Rusty Morrison - After Urgency
The type of writing often called “experimental” is especially good at accessing personal crisis. Why this is, I’m not sure. What I’ve heard from some people is that they don’t know what to do with these poets usually, that they can’t figure out what they’re writing about, what the necessary moment is.
I’m talking about books like Mary Jo Bang’s Elegy and Rae Armantrout’s Next Life. These are books that place their question, the artistic question, out front in a way that some people say their other books don’t. This allows people who wouldn’t usually be drawn to the work of these poets a “way in.” Once in, the “experimental” nature of their poetry, the fragments, ellipses, and all, are seen not as exclusionary or off-putting as they had been called in the past, but, rather, helpful, meaning-laden.
It’s an interesting question about what and how the poet frames the art, and how this framing is then perceived. What’s especially interesting to me is that neither Bang nor Armantrout actually changed their art, or the way they make it. It’s just that this content, this subject matter, more people can hold onto.
I’m thinking about this as I’m reading Rusty Morrison’s excellent After Urgency. It’s also a book of a person in crisis, a book on mourning, beautifully rendered.
Here are a couple poems:
from Nowhere to say “daughter”
7 In-severing“My father and mother,” I say. As if words were a promontory.
What is it that I want to see from them?

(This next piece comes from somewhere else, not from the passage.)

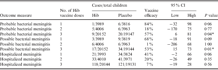 Fig. 3. Hib vaccine efficacy against confirmed Hib meningitis.

How far down,
to the end of memory? I will bury two urns of ashes. But not to distinguish gods
from objects, objects from gods.
The answerer, who stands behind my grief, signals archly.
A linen to morning’s lingering, which I hasten to call morning light.
As the bundled grays of gravel gather to become nothing more than pure distance
ahead of me on the road. What disrupts even the most obstinately ordinal; fallen twigs
on the earth nearly but never re-fashion themselves into what was once an abandoned nest.
Small opossum carcass at roadside.
Too simple to call that death—a something more solid than flesh.
Today, the tinsel flicker of saying anyone’s name aloud cuts
quick and sharp. How long before I achieve the calloused fingers that can strum
the saying dexterously. After Urgency
There is no end to waiting, no mind outside the mind
traveling its gravel path, stroking its strewn flowers, startled by even a seabird’s wing-extended shadow,
in deepest quiet a thrumming like bare feet running up wooden stairs, a dark odor as though the clouds were
pouring smoke, tree branches sprouting rag-cloth, the sky a whitewashed plaster that fractures and falls away
under a finger’s touch, and there is no end to tossing pebbles and shells that are not the ocean
into the ocean of pebbles and shells.